Non può vivere bene chi non è in pace con il suo corpo.

Maria Raffaella Dalla Valle
IL DIARIO

sabato 22 agosto 2015

Alla scoperta della meraviglia del corpo vissuto: per una nuova filosofia e teologia del corpo


Ti senti in armonia con il tuo corpo? Sei consapevole che una buona relazione con la tua corporeità è indispensabile per il tuo stesso benessere spirituale e una piena attuazione della tua personalità e della tua vita di relazione?

La corporeità rappresenta una narrazione in atto della tua esistenza, ci pensi?
“Non sono né lo spirito né il corpo da soli ad amare: è l’uomo, la persona, che ama come creatura unitaria, di cui fanno parte corpo e anima. Solo quando ambedue si fondono veramente in unità, l’uomo diventa pienamente se stesso. Solo in questo modo l’amore — l’eros — può maturare fino alla sua vera grandezza. (Benedetto XVI, Deus caritas est, 5)

Il fatto che l’uomo sia “corpo” appartiene alla struttura del soggetto personale più profondamente del fatto che egli sia nella sua costituzione somatica anche maschio o femmina.
Giovanni Paolo II

“Può avere una personalità equilibrata solo chi vive in pace con il suo corpo”.
Jutta Burggraf

"La pratica del primo precetto della legge naturale, 'Ama il Signore Dio tuo', richiede la completa integrazione della propria sessualità, di modo che l’esperienza estatica dell’attrazione sessuale porti ad un’amorosa valutazione di se stessi e degli altri come persone, e non sia mai pervertita in una strumentalizzazione narcisista, di se stessi o dell’altro".
Robert A. Gahl, Jr.

IL TATTO

Il denudamento dell’altro sesso ci colpisce attraverso l’ascolto e la visione. Ma essa dischiude un passaggio al tatto. Niente di più strano. Si comincia con la contemplazione, si finisce con il palpeggiamento. Non è una caduta?

L’udito e la vista sono i sensi più nobili, i più oggettivi, i più aperti alla conoscenza, e per questo servono direttamente lo spirito. Tramite loro, insegniamo il vero e percepiamo il bello. Ma che cosa apprendo palpando?
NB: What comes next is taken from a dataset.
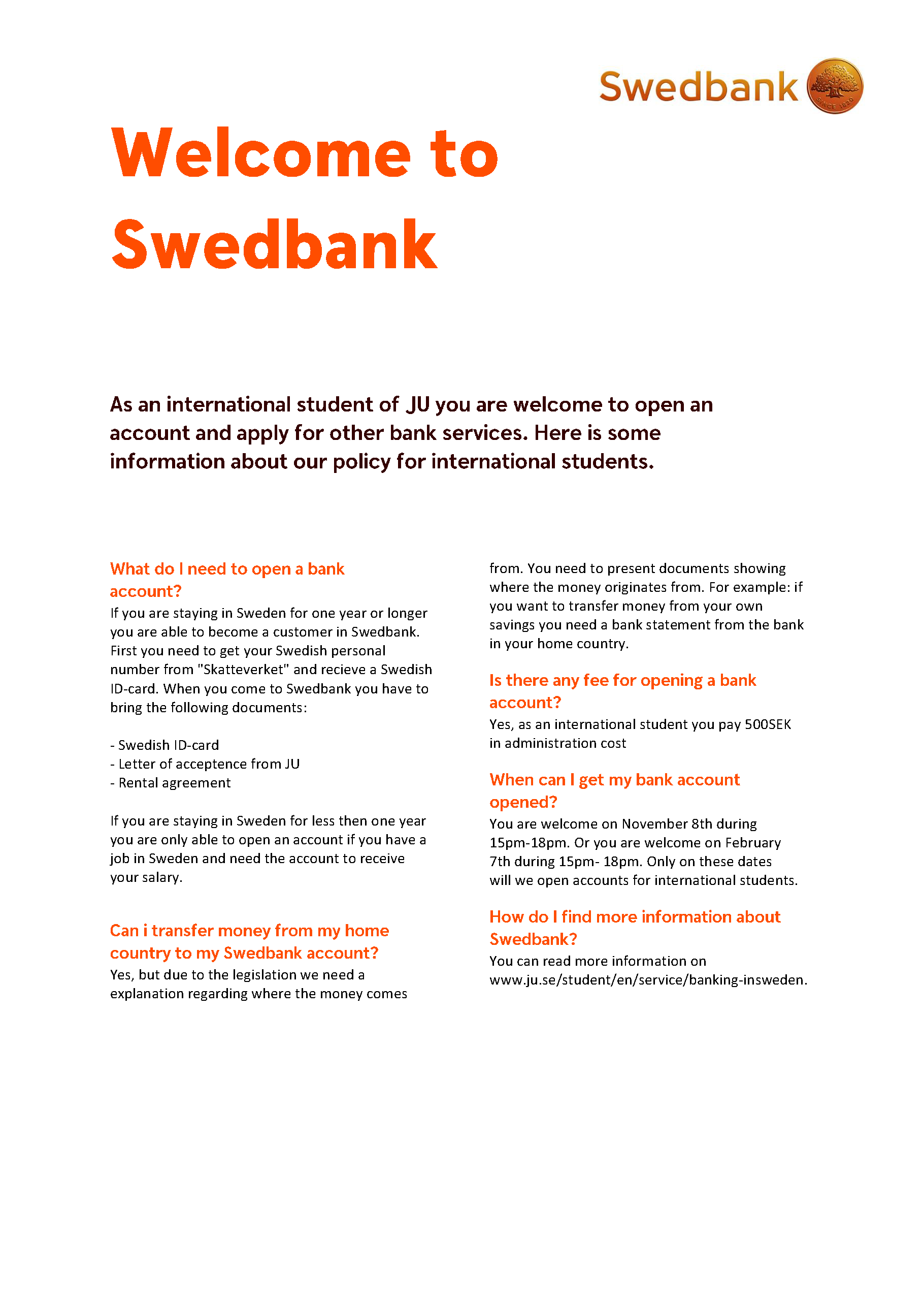 If you are staying in Sweden for a longer period it will be much easier for you to manage your day-to-day financial matters, such as paying you rent and other bills, if you have a banking relationship with a Swedish bank.

L’amore più profondo implica tuttavia una dimensione tattile. Una madre troppo contemplativa farebbe star male il suo bambino. Potrebbe ammirarlo da lontano, fornirgli tutte le cure necessarie, certo, ma mai senza stringerlo contro il proprio corpo. Se tanto spiritualismo non uccide l’angioletto, si può essere certi che, più tardi, egli soffrirà di gravi disturbi, non stando mai fermo, alla ricerca della propria presenza. Non per nulla la Bibbia ordina di amare il proprio prossimo.
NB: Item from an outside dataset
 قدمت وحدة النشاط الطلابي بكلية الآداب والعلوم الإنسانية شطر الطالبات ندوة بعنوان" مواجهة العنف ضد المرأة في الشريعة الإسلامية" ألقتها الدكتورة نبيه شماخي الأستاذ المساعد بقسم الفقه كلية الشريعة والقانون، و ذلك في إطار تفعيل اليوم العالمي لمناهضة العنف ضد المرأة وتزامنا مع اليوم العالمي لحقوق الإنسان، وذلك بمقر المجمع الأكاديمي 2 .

Cosa accade, dunque, quando tocco? Vengo io stesso toccato. Di questo libro che tenete tra le mani, anche se non è provvisto di sensibilità, dite che vi tocca, perché, «nel tatto, percepire un oggetto e percepire se stessi non sono distinti».

«Nello sguardo, il nostro stesso corpo ci risulta, in un certo senso, estraneo, e lo rimane. Posso vedere la mia mano come la vedono gli altri. Ma nessuno può sentire la mia mano come io la sento. Nell’atto di usarla, sento la mia mano come mia senza vederla».

Se fossi soltanto visivo, avrei bisogno del tempo per distinguere le mie gambe dalle vostre, nel caso ci trovassimo seduti vicini. Solo col tatto, io sento direttamente il mio corpo come mio.

E lo sento interamente, poiché il tatto non è localizzato in un organo, bensì diffuso attraverso tutta la mia stoffa carnale.

Così che avere il tatto più fine significa sentirsi e sentire il mondo più radicalmente di tutti gli altri animali e poter godere più profondamente di loro della propria presenza presso le cose.

A differenza della vista e dell’udito, il tatto mi coinvolge proprio in ciò che recepisco. Il tatto è il senso dell‘avventura. L’animale che è dotato del tatto più fine è dunque anche «il vivente più esposto ai rischi, il più avventuroso.
Fabrice Hadjadj

Questo e... tanto altro, prossimamente su questo blog!





A presto!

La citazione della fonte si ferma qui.